I gasp as his thumb passes over my clit, and I feel him pull me wide apart before his mouth touches me, his tongue gently probing and flicking and I can’t take any more. I push down on him, just a little, as his tongue enters me and I cry out, my hips jerking as I feel him touch me inside. I’m wet, I’m so fucking wet I can feel it spilling out of me, and that turns me on even more until I can’t hold back any longer. A fierce, white-hot blanket of beautiful prickles sweeps across every inch of my skin and I’m coming; wave after wave shakes me to my core and he’s taking it, holding tightly on to my hips as I grab my release and I cry out, and he’s taking it all.

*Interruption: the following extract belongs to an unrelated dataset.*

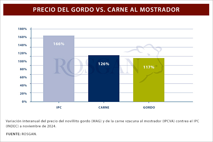 Detalla, en ese sentido, que «los precios de la carne al mostrador en los últimos 12 meses aumentaron un 126% contra una inflación que, según datos del INDEC a noviembre, alcanzó el 166% interanual» .

And just when I think it’s over; when my body finally starts to slow down and those pins and needles recede, he slips his tongue back inside me and another barrage of waves return to engulf me a second time, and I’m still wet, but he’s licking me dry and I close my eyes and I let it happen. I’m exhausted, but we’re not done. We’re so far from done.

He finally pulls away from me and I feel him stand up; feel his breath on my neck as he leans in to kiss me, and I taste myself on his perfect lips as his fingers run over my soaking and sensitive slit, and I’m lost. Even Kira Blu is having trouble coping with everything that’s happening in this room tonight.

He lifts me up and I wrap my legs around him as he carries me over to the bed, laying me down and raising my arms back up above my head. I know what he’s going to do; we talked about this. And I feel another shiver wash over me as he takes my wrists and slips the handcuffs over them, locking them together, his low-down-dirty laugh making me moan out loud as my thighs burn up all over again.